Carrying the momentum forward, he enrolled at the University of California, Los Angeles – graduating in 1927 at the top of his class. Using monies raised by his neighbors, he went on to obtain a graduate scholarship at Harvard University.

Listen to Bunch’s story here:

Bunche earned a master’s degree in political science in 1928 and a doctorate in 1934, although he was already teaching at Howard University’s political science department at the time. His doctorate from Harvard and its historic distinction landed Bunche prime jobs teaching abroad in London and South Africa as well. Although politics and education were his main focuses, he would become an instrumental member of the State Department in 1943 before heading to the United Nations.

Bunche and former-First Lady and political activist Eleanor Roosevelt were credited for helping to create the Universal Declaration of Human Rights, which was later adopted by the United Nations General Assembly in 1948. As the Second World War became a shadow and Arab-Israeli conflicts arose globally, Bunche was at the forefront of peace talks and worked in the Middle East as part of the UN Palestine Commission.
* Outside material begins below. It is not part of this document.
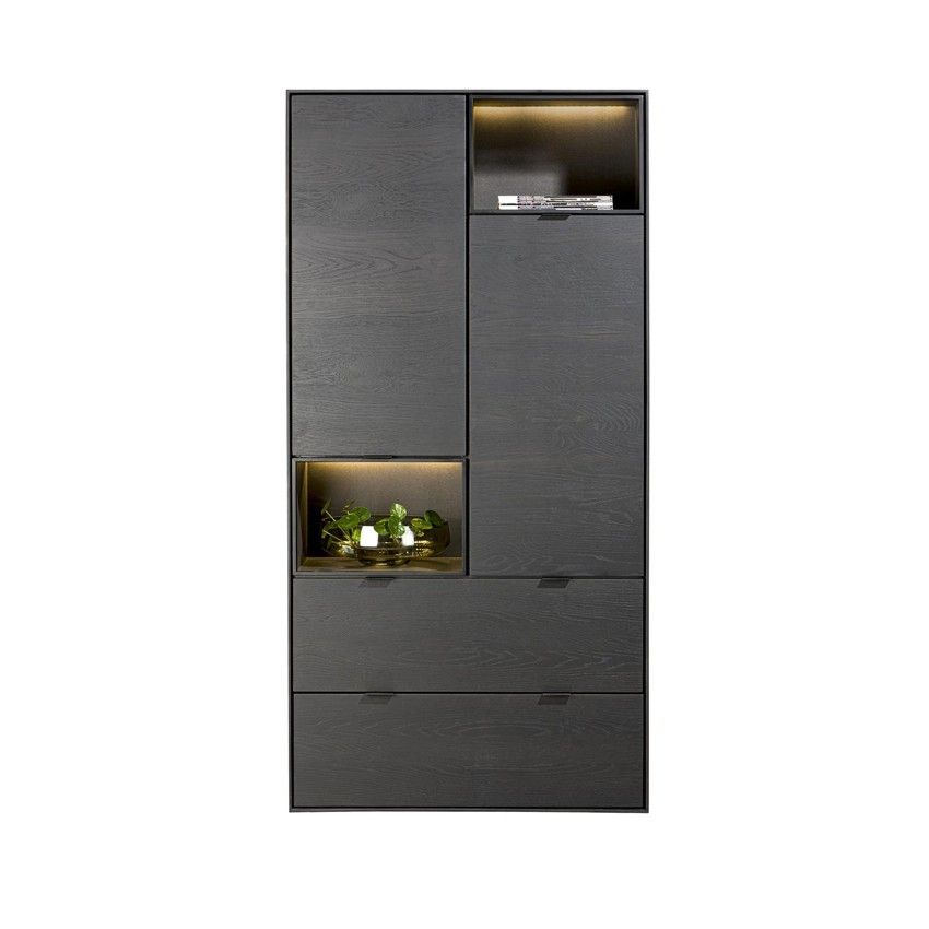 Met de Elements serie van Xooon haal je de interieurstylist in je naar boven! Je stelt namelijk met alle losse Elements items jouw ideale kast helemaal naar eigen wens samen. Gebruik deze onyx kleur bergkast van 90 cm breed voorzien van twee deuren, twee laden en twee met led verlichte niches als basis en combineer hem met andere Elements items in bijvoorbeeld naturel eiken fineer, lak groen, of lak zwart. Deze bergkast is ook leverbaar in naturel eikenhout.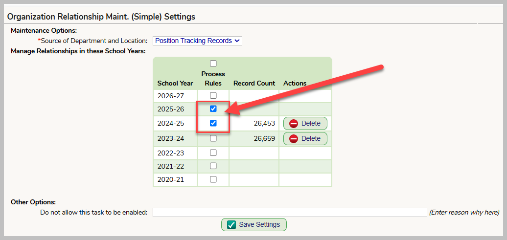 Ensure that 2024-25 and 2025-26 are checked off and save the settings.

After Swedish UN Mediator Count Folke Bernadotte was assassinated by an underground Jewish group, Bunche became the head mediator.

Negotiating with Israeli representative Moshe over games of pool, Bunche was key in helping smooth over the 1948 Arab-Israeli War and thus aided in the warring regions signing of the 1949 Armistice Agreements. For his efforts, Bunche would receive the Nobel Peace Prize in 1950, continuing his important work for the United Nations in helping to mend other war-torn international locations.

Bunche was a staunch supporter of the Civil Rights Movement and actively participated in Dr. Martin Luther King Jr.’s 1963 March On Washington and also the Selma to Montgomery march as well.

Bunche’s achievements and accolades prove that with devotion to education and an indomitable will, a person can achieve high heights in the face of adversity and hardship. Although Bunche’s name lives on in the annals of history, his story is one that deserves a proper retelling for children of today.